BRIEF:
Take the line containing "濮院羊毛衫开衫外套大衣小香风老钱风高品质中长款毛衣韩版秋女装" and every line after it to the end of the material below; reproduce them exactly, without pictures.

SUPPLIED MATERIAL:
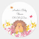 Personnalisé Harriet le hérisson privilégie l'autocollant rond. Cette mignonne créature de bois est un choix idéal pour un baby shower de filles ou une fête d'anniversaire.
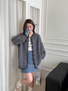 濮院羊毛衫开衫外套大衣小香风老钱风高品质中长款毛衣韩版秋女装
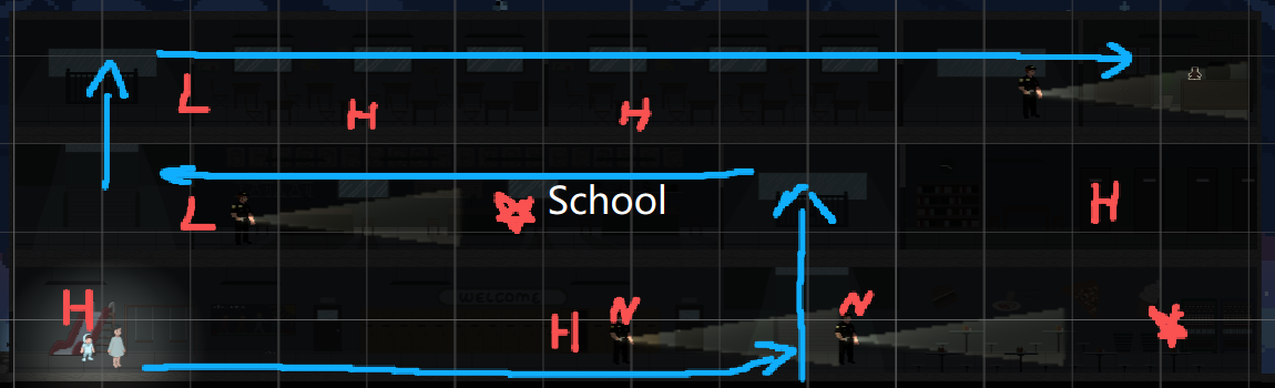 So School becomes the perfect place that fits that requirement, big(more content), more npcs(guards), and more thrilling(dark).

EXERCISE RESPONSE:
 濮院羊毛衫开衫外套大衣小香风老钱风高品质中长款毛衣韩版秋女装
 So School becomes the perfect place that fits that requirement, big(more content), more npcs(guards), and more thrilling(dark).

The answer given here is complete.